Some critics, like Fr. Thomas Shelly, in Church, have correctly pointed out that Morris' Celtic emphasis overlooks the 100 years of history that precedes the potato famine and the impact of Irish immigration. The earlier Maryland tradition was formed in the colonial period, when the first archbishop, John Carroll, cousin of a signer of the Declaration of Independence, established the church as a friend of democracy. Morris might reply that, while Alexis de Tocqueville saw Catholicism as thriving in 1831, it was not until the immigrant waves arrived that the church really took off. It was, for good or ill, that project of establishing an alternate world, a "Catholic ghetto," that gave us today's church, which is in some ways taking on new life and in others crumbling before our eyes.

My problem with this book is different. Other writers mercifully pad their pages with a little fluff that allows the reviewer to turn pages swiftly in the enjoyment of a "good read." But the merciless Morris forces the critic to savor every word, take notes and relish both the small-print footnotes at the bottom of the page, like the history of "probabilism" in the abortion debate, and the end notes, where we hear of a priest preaching in St. Patrick's Cathedral who assures his parishioners that, in spite of the pope's recent condemnation of capital punishment, they are free to make up their own minds. A freedom, says Morris, St. Patrick sermons hardly extend to other questions.

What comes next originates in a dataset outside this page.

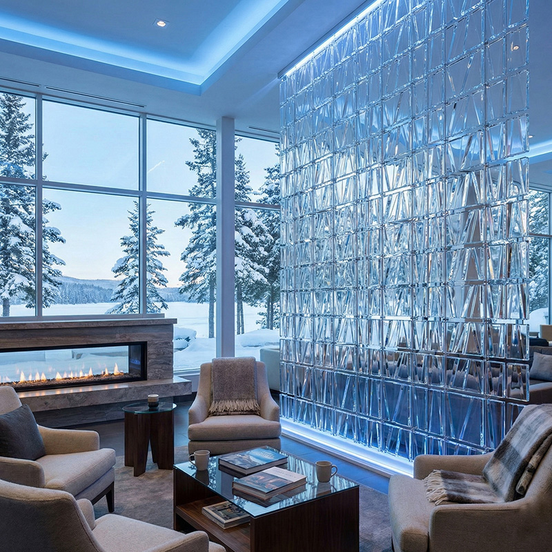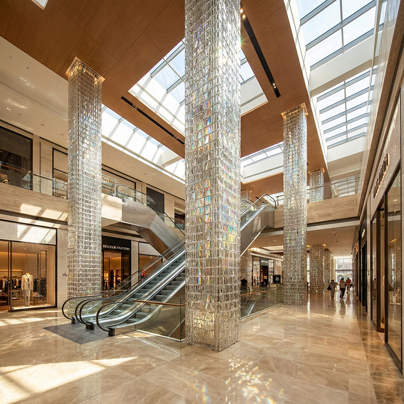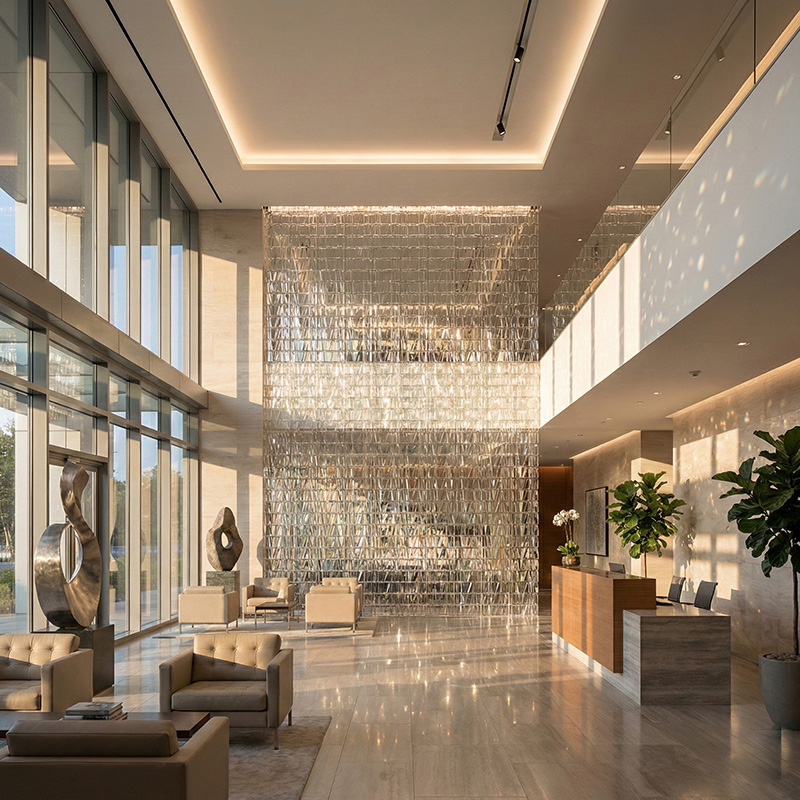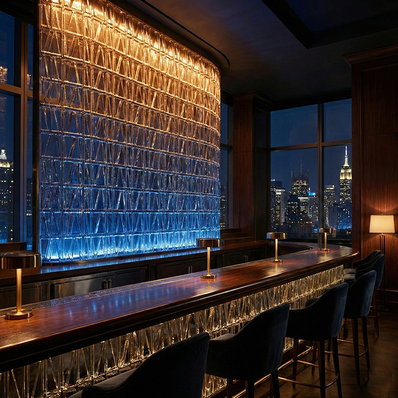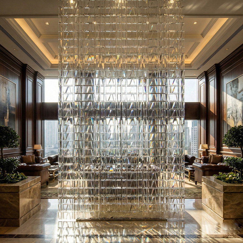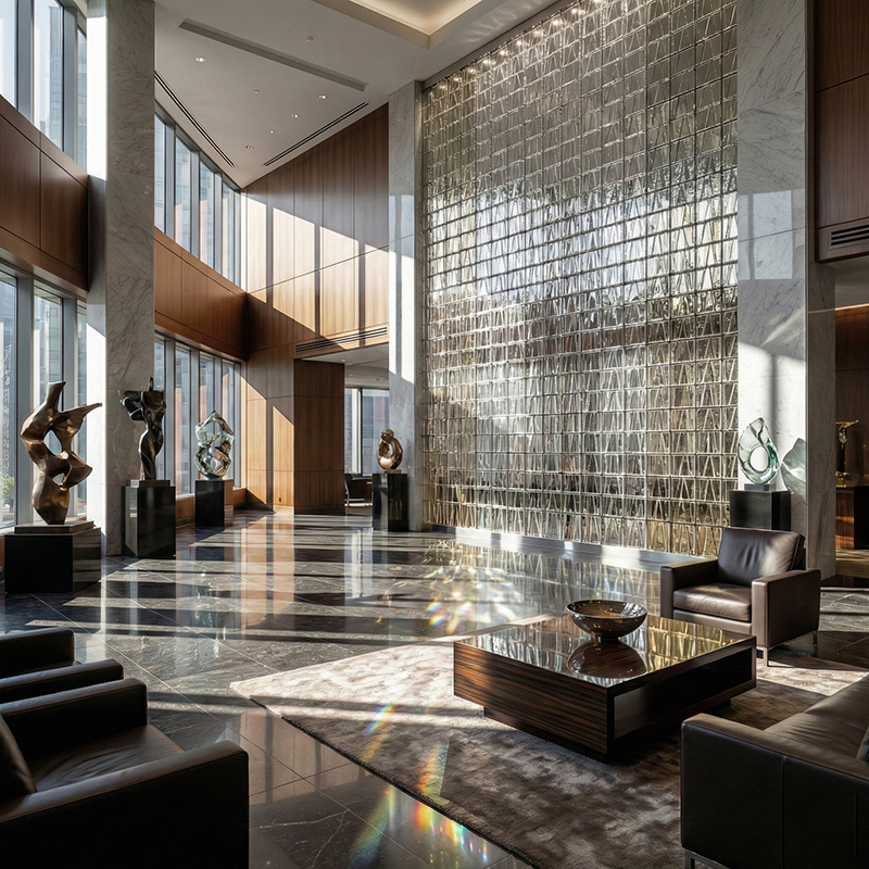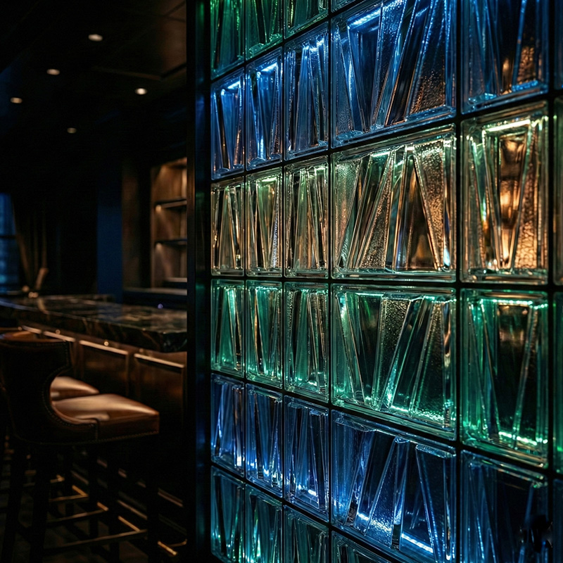 - Architectural prismatic glass tile installations with lighting

A Fordham faculty colleague pointed out a subtler problem, for which Morris is not responsible. "Catholics don't read," the colleague said. Every Catholic -- every literate American -- should read this book, especially if we want to understand what it means to be an American believer today. We might also want to commemorate, in an intellectual way, the fuss and fizzle of the "Americanism" encyclical.

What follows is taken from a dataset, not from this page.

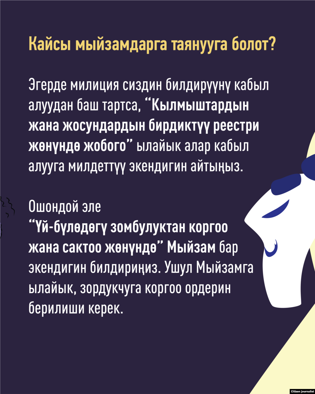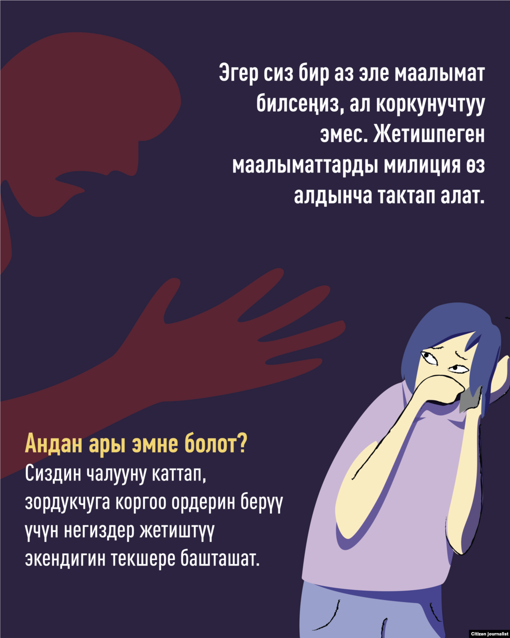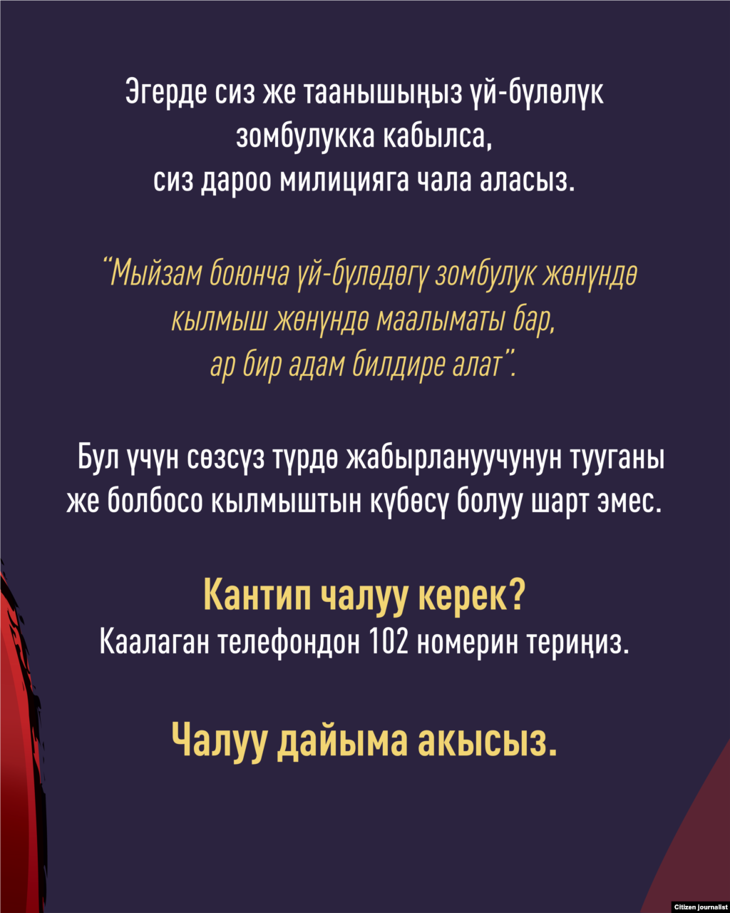 Сүрөттөрдү «Айкын багыт» коомдук фонду «Коопсуз үй» маалымат өнөктүгүнүн алкагында USAIDдин «Жигердүү жарандар» долбоорунун колдоосу аркылуу иштеп чыккан.

Unfortunately, the historical process Morris describes, the forging of American Catholicism's ethnic-religious identity, did not make Catholics -- unlike the Puritans and the Jews -- a "people of the book," in the broadest sense of that term. The skills that build cathedrals and schools -- even universities -- are not the same ones that fill libraries and nourish the intellectual life.

Under the sway of a spiritual ethos that stresses submission rather than initiative, we have, with some exceptions, been collectively a "good flock" -- faithful followers rather than prophets and leaders. As a result, the full impact of American Catholics on the nation's character and morals has been far less than John Hughes' extravagant dream.

Jesuit Fr. Raymond A. Schroth is assistant dean of Fordham College.